> [Work order]: Please output every entry below exactly as written, leaving out any pictures.

> [Stored data]:
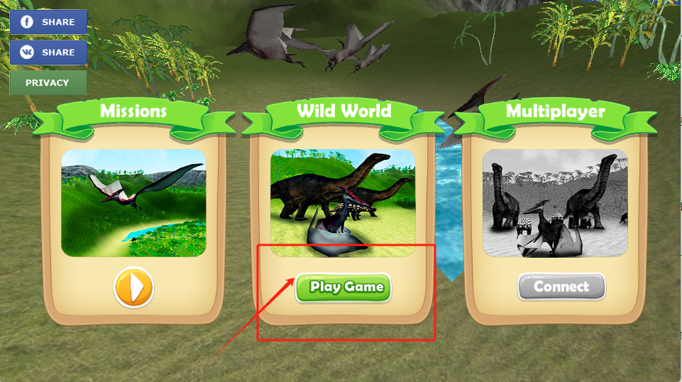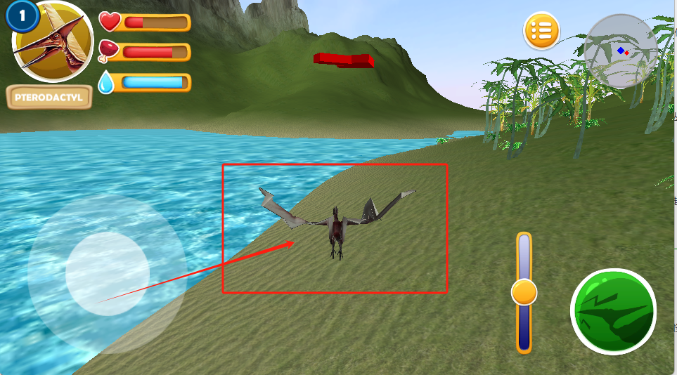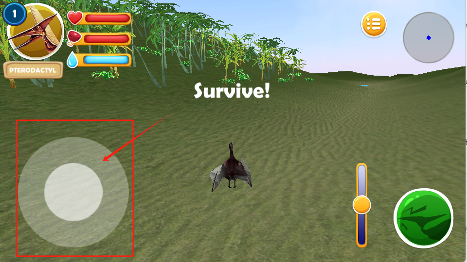 2、用红圈摇杆控制翼龙移动,注意上方生命值和饥饿条。
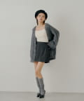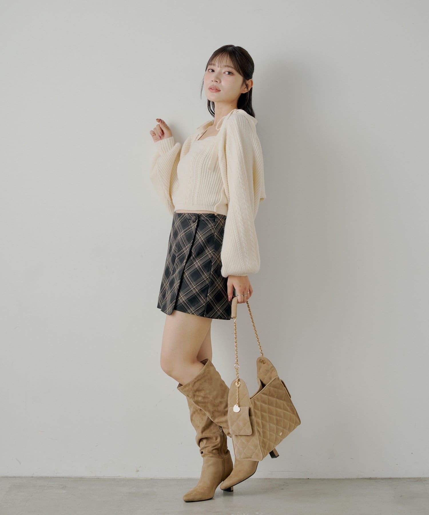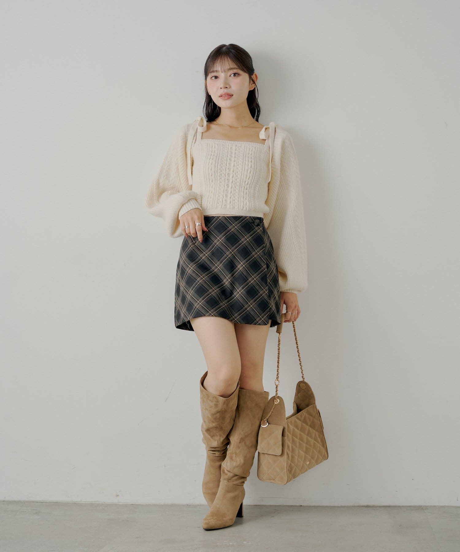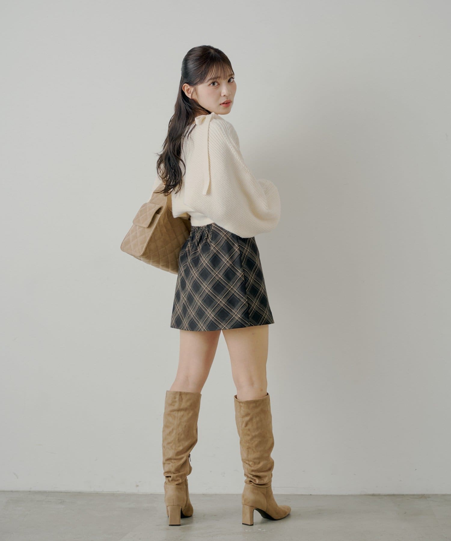・ショートブーツやロングブーツなど足元にボリュームを出すことで、ミニ丈とのバランスが取れ、スタイルアップ効果も◎
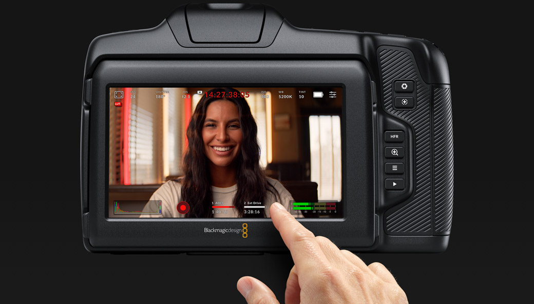 Blackmagic Studio Camera vanta lo stesso avanzato sistema operativo di Blackmagic URSA Mini Pro 12K, per cui è incredibilmente veloce e intuitiva. Tutte le funzioni principali sono accessibili dal display HUD con un tocco del dito, l'elegante ciak digitale facilita l'inserimento dei metadati, e nella dashboard è sufficiente passare il dito sullo schermo per cambiare le impostazioni di registrazione, monitoraggio, audio, configurazione, predefiniti e LUT 3D. Ogni funzione opera come una app indipendente ad alta prestazione, garantendo una stabilità superiore rispetto ai comuni software per camera. Questo sistema operativo è anche aperto agli aggiornamenti futuri!
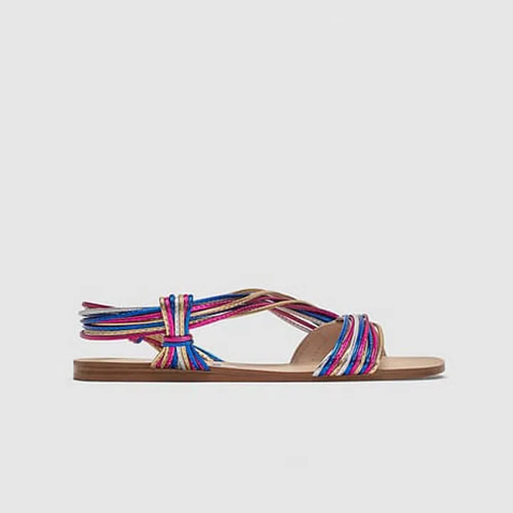 Featuring metallic straps in a bevy of complementing shades: electric blue, fuschia and gold. If you’re looking to dive into the metallics trend in a subtle way, these sandals will do the job for you with its bold and glamorous yet wearable design. They’re also festive enough for beach parties and music festivals.
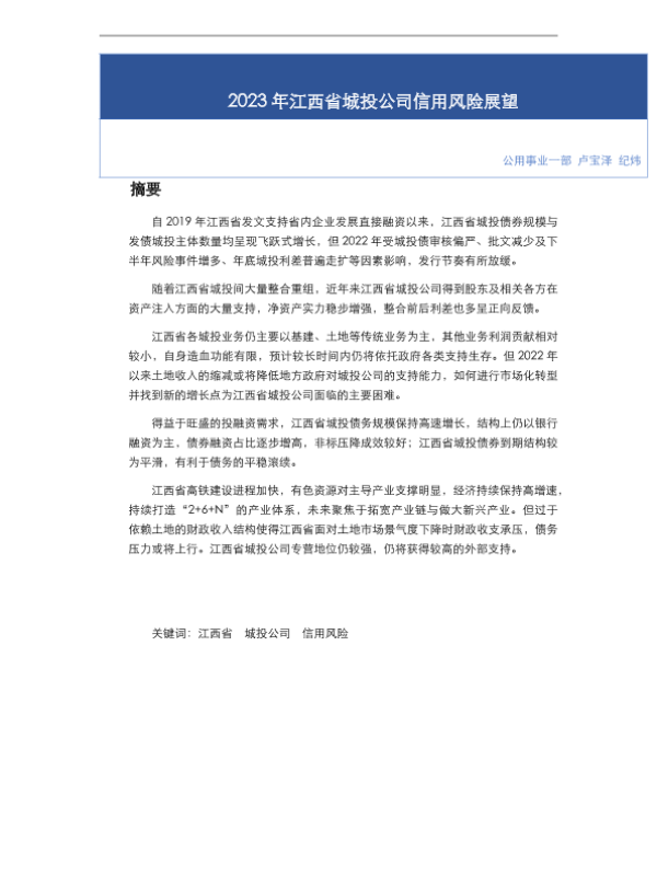 【东方金诚】【20230101】2023年江西省城投公司信用风险展望-21页
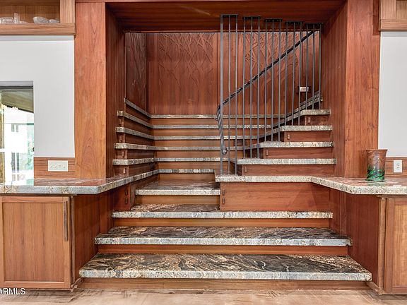 Some of the most breathtaking views and iconic Arizona sunsets in the valley! Sitting on almost 2 ac this residence was thoughtfully crafted by the artist/owner beginning in 2011. The 2500+ sf addition is seamlessly joined with the 2357 sf original ranch home showcasing rich teakwood, granite, and cedar. Teak cabinetry, walls, and flooring create a warm, elegant atmosphere. Hand-painted desert landscapes and handcrafted solid teak doors add unique charm, while steel and glass exterior doors (9 total) offer security and style. 6 car garages with room for 10 adds to this unique property. An enclosed vestibule opens to a tranquil courtyard with natural stone waterfalls. Inside, the expansive great room and kitchen flow beautifully, with a secondary bedroom and full bath completing the space
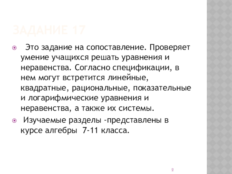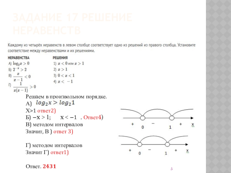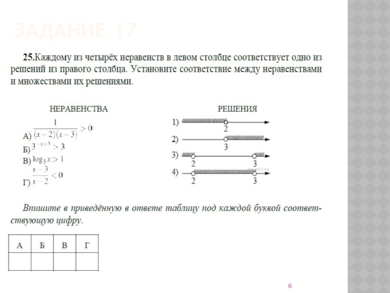 Слайд 5ЗАДАНИЕ 17 РЕШЕНИЕ НЕРАВЕНСТВ
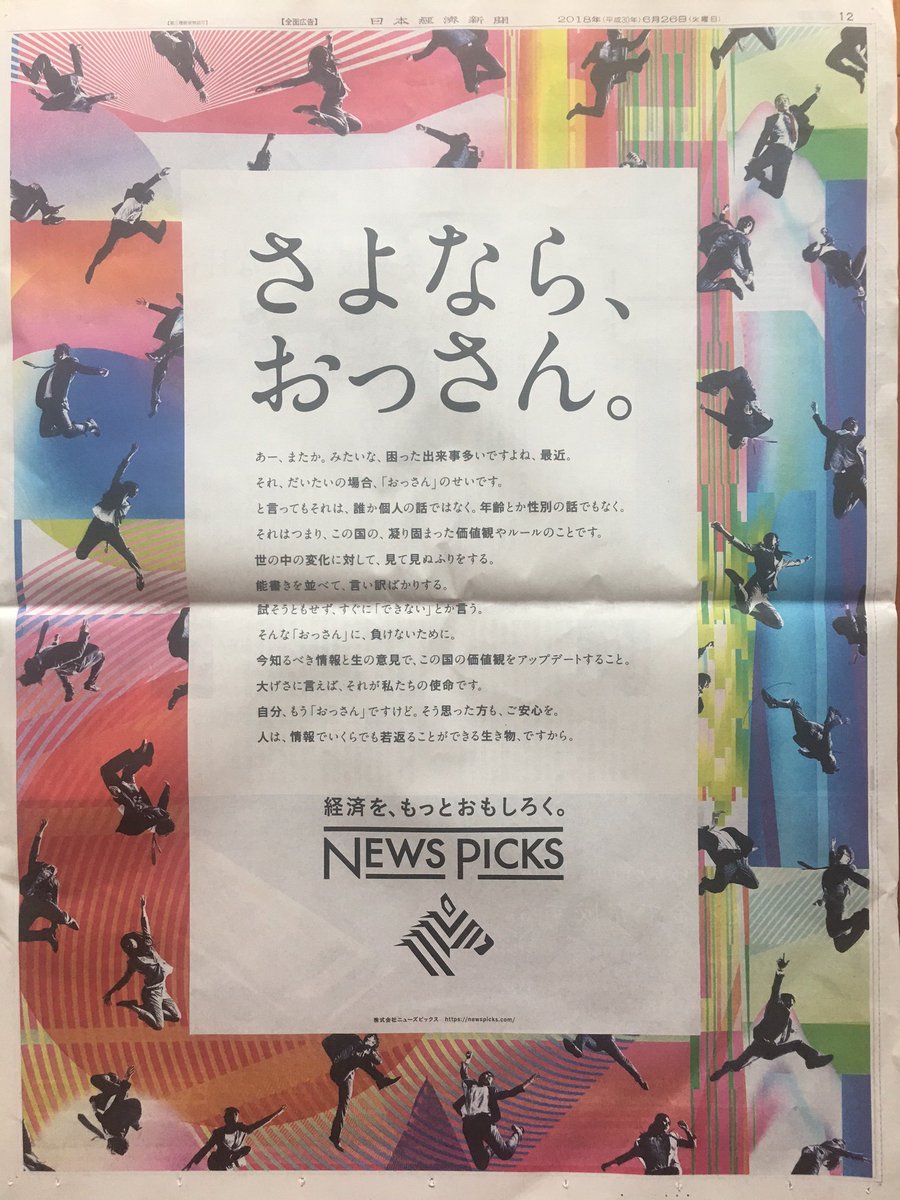 おじさんメディアnewspicks 日本経済新聞に さよなら おっさん 一面広告で炎上事件 インターネット事件簿
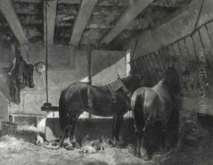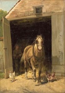 Bauer Treibt Ein Arbeitspferd Aus Dem Stall
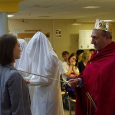 Церемония торжественного посвящения в лингвисты началась с торжественной клятвы лингвистов, которую зачитала для первокурсников кандидат филологических наук, доцент Елена Король, стоявшая у истоков лингвистического образования в СурГУ. После торжественной клятвы новоиспеченные лингвисты принесли символическую клятву на основных учебниках лингвистов под редакцией В.Д. Аракина, которые принесли в зал студенты в костюмах друидов. Ибрагим Курбанов, выступивший в роли английского короля, посвятил первокурсников в лингвисты мечом и заклинанием.

> [Written answer]:
 2、用红圈摇杆控制翼龙移动,注意上方生命值和饥饿条。
・ショートブーツやロングブーツなど足元にボリュームを出すことで、ミニ丈とのバランスが取れ、スタイルアップ効果も◎
 Blackmagic Studio Camera vanta lo stesso avanzato sistema operativo di Blackmagic URSA Mini Pro 12K, per cui è incredibilmente veloce e intuitiva. Tutte le funzioni principali sono accessibili dal display HUD con un tocco del dito, l'elegante ciak digitale facilita l'inserimento dei metadati, e nella dashboard è sufficiente passare il dito sullo schermo per cambiare le impostazioni di registrazione, monitoraggio, audio, configurazione, predefiniti e LUT 3D. Ogni funzione opera come una app indipendente ad alta prestazione, garantendo una stabilità superiore rispetto ai comuni software per camera. Questo sistema operativo è anche aperto agli aggiornamenti futuri!
 Featuring metallic straps in a bevy of complementing shades: electric blue, fuschia and gold. If you’re looking to dive into the metallics trend in a subtle way, these sandals will do the job for you with its bold and glamorous yet wearable design. They’re also festive enough for beach parties and music festivals.
 【东方金诚】【20230101】2023年江西省城投公司信用风险展望-21页
 Some of the most breathtaking views and iconic Arizona sunsets in the valley! Sitting on almost 2 ac this residence was thoughtfully crafted by the artist/owner beginning in 2011. The 2500+ sf addition is seamlessly joined with the 2357 sf original ranch home showcasing rich teakwood, granite, and cedar. Teak cabinetry, walls, and flooring create a warm, elegant atmosphere. Hand-painted desert landscapes and handcrafted solid teak doors add unique charm, while steel and glass exterior doors (9 total) offer security and style. 6 car garages with room for 10 adds to this unique property. An enclosed vestibule opens to a tranquil courtyard with natural stone waterfalls. Inside, the expansive great room and kitchen flow beautifully, with a secondary bedroom and full bath completing the space
 Слайд 5ЗАДАНИЕ 17 РЕШЕНИЕ НЕРАВЕНСТВ
 おじさんメディアnewspicks 日本経済新聞に さよなら おっさん 一面広告で炎上事件 インターネット事件簿
 Bauer Treibt Ein Arbeitspferd Aus Dem Stall
 Церемония торжественного посвящения в лингвисты началась с торжественной клятвы лингвистов, которую зачитала для первокурсников кандидат филологических наук, доцент Елена Король, стоявшая у истоков лингвистического образования в СурГУ. После торжественной клятвы новоиспеченные лингвисты принесли символическую клятву на основных учебниках лингвистов под редакцией В.Д. Аракина, которые принесли в зал студенты в костюмах друидов. Ибрагим Курбанов, выступивший в роли английского короля, посвятил первокурсников в лингвисты мечом и заклинанием.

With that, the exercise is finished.